Comme il se doit, peut-être, pour un cahier d’étudiant, celui-ci démontre une sémiotique de la communication sophistiquée, en dépit de son apparence chaotique. Prenons le premier ensemble de portées vides, par exemple. Une portée vide est par définition peu démonstrative. Cependant, elle renferme plus que ce que l’on pourrait supposer. Elle laisse entendre que ces mots se chargent d’une résonnance auditive supplémentaire. Il ne s’agit pas seulement d’une allusion abstraite: y figurent deux notes de musique. Difficile de déterminer pourquoi il n’y en a que deux: peut-être l’élève a-t-il manqué de temps, n’avait-il pas besoin d’indications supplémentaires, ou peut-être encore a-t-il réalisé que quelque chose n’allait pas. L’absence ne signifie pas qu’il n’y a rien: elle nous indique la présence d’une mélodie, et même sa longueur approximative. Nous ne pouvons l’entendre aujourd’hui, mais le copiste le pouvait, et la portée donne chair à son absence.

Ici, donc, nous n’avons que deux notes d’une chanson qui commençait à l’évidence par «Bryd on brere y telle yt to none ur y ne dar». Ces mots sont également très proches d’un fragment bien plus ancien, qui se trouve maintenant au King’s College de Cambridge, griffonné à l’envers au dos d’un parchemin contenant une bulle papale, originellement datée de 1199, du prieuré clunisien de St James, à Exeter. Cette chanson y a été ajoutée un siècle plus tard. Il y a suffisamment de place pour une quatrième portée, qui n’a jamais été écrite: cela aurait été une chanson à deux voix. Comme le remarque John Stevens, «sa mémoire, sa copie, ou son invention, ont dû lui faire faux bond» («Either his memory or his copy or his invention must have failed him»; notre trad.)23.

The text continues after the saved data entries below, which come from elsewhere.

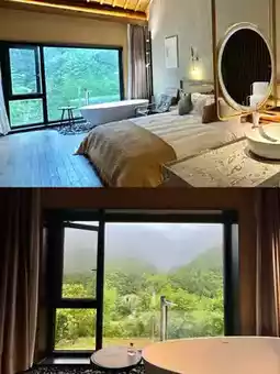 Rooms are super spacious🪟, floor-to-ceiling windows frame the entire mountain view indoors, opening the door immerses you in greenery🍃, total relaxation! Comes with a private courtyard terrace, spotless cleaning, window-side bathtub with TV🛁, enjoy the view while soaking; bathroom with dry-wet separation🚿, smart toilet is very thoughtful~ Bedding is soft and comfy, fall asleep instantly💤, a worry-free good night's sleep!
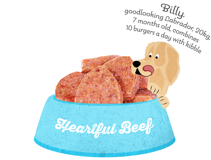 • 60% rundervlees, waarvan >90% hart (onze personal favourite onder de spieren) en spiervlees (verkregen bij het langzaam ontvliezen van runderbotten of het versnijden van biefstukken). Rund is één van de meest courante eiwitbronnen voor huisdieren, omwille van zijn hoogwaardige eiwitten.
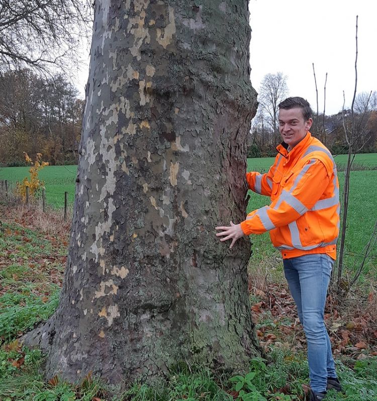 | Martijn Klompenhouwer bij een van de monumentale platanen langs de Van Heemstraweg |
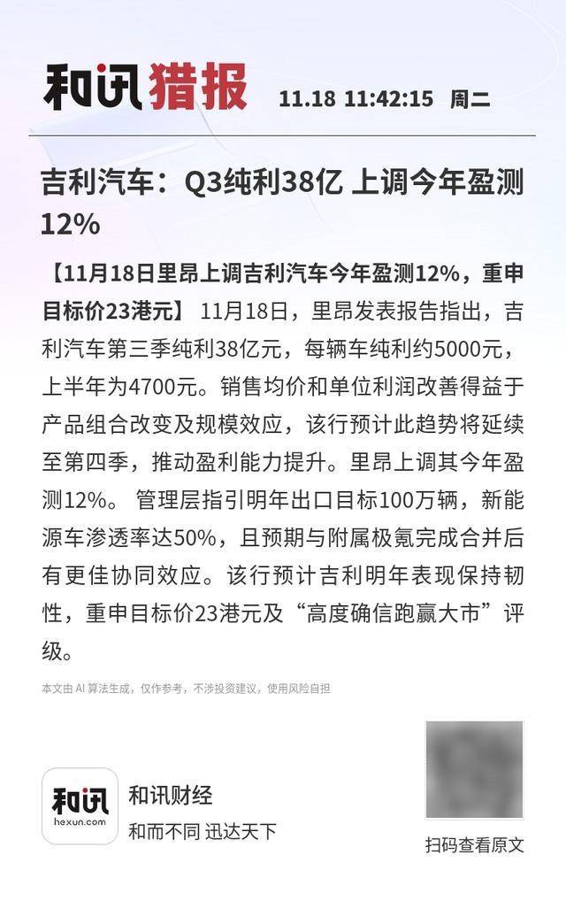 里昂證券最新發(fā)布的行業(yè)研究報(bào)告顯示,吉利汽車在第三季度交出亮眼成績(jī)單,當(dāng)季實(shí)現(xiàn)凈利潤(rùn)38億元人民幣,單臺(tái)車輛凈利潤(rùn)提升至約5000元,較上半年4700元的水平實(shí)現(xiàn)穩(wěn)步增長(zhǎng)。這一業(yè)績(jī)突破主要得益于產(chǎn)品結(jié)構(gòu)優(yōu)化帶來(lái)的銷售均價(jià)提升,以及規(guī)模化生產(chǎn)帶來(lái)的成本優(yōu)勢(shì),研究機(jī)構(gòu)預(yù)計(jì)這種良性發(fā)展態(tài)勢(shì)將持續(xù)至第四季度,進(jìn)一步推動(dòng)企業(yè)盈利能力增強(qiáng)。
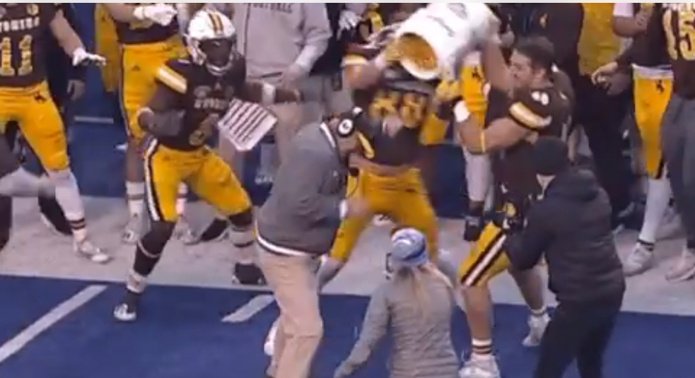Victory spuds: Wyoming enjoys customary French fry bath after Famous Idaho Potato Bowl win
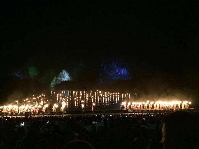 说起阳朔,想到的还有印象·刘三姐,是张艺谋导演的大型山水实景歌舞剧。其实本人对歌舞剧没什么兴趣,奈何人们常言来到阳朔就要去看刘三姐,不看我又怕错过什么,既然来了就顺便来看看。一个晚上三场,一场就有4000多人观看,提前定的票被要求加价😢,算下来180/人,不过场面确实挺壮观,灯光效果用的很好,演员目测数百人了,还蛮震撼的!

Pour le formuler dans les termes de Virginia Jackson, cet exemple s’apparente à une «confusion lyrique entre le pathos d’un sujet et le pathos de la transmission» («[lyric] confusion between the pathos of a subject and the pathos of transmission»; notre trad.; 13). «Byrd on brere», formule évocatrice, laisse sur la page venant de Cambridge des traces à deux endroits, et se retrouve dans un manuscrit d’Exeter avec laquelle elle n’affiche aucun lien. Des siècles avant que l’écriture de Dickinson ne soit assimilée aux empreintes d’oiseaux fossilisées (Jackson 16), un même oiseau chanteur apparaît déjà ici et là, de manière aléatoire mais révélatrice, sous la plume d’un clerc inconnu griffonnant indolemment au verso d’une bulle papale, et celle d’un choriste de Magdalen College (probablement) distrait de ses leçons. Pourtant, cet oiseau médiéval nous entraîne plus avant dans la nature du son et de l’écriture que les notes éparses de Dickinson. «Byrd on brere» fonctionne comme l’expression resserrée des paroles d’une carole, d’une mélodie, et d’une chanson tout à fait différente et bien plus ancienne. Il n’existe pas une seule et unique relation réunissant l’idée verbale, sa réalisation aurale/orale et sa transcription écrite, mais plutôt une diffusion latérale, profonde et étendue. Peut-être que la synchronie n’est jamais seulement synchronie, mais toujours aussi diachronie. Chaque moment est une strate de l’histoire, est pris dans l’histoire. Les chansons insulaires médiévales témoignent de la difficulté à saisir les sons et les significations couchés sur le papier, dans toute leur indistinction et leurs itérations effrénées. L’absence de norme écrite nous pousse à reconsidérer ce qu’est la forme, comment ses caractéristiques présumées et impensées se modèlent et génèrent certains écrits.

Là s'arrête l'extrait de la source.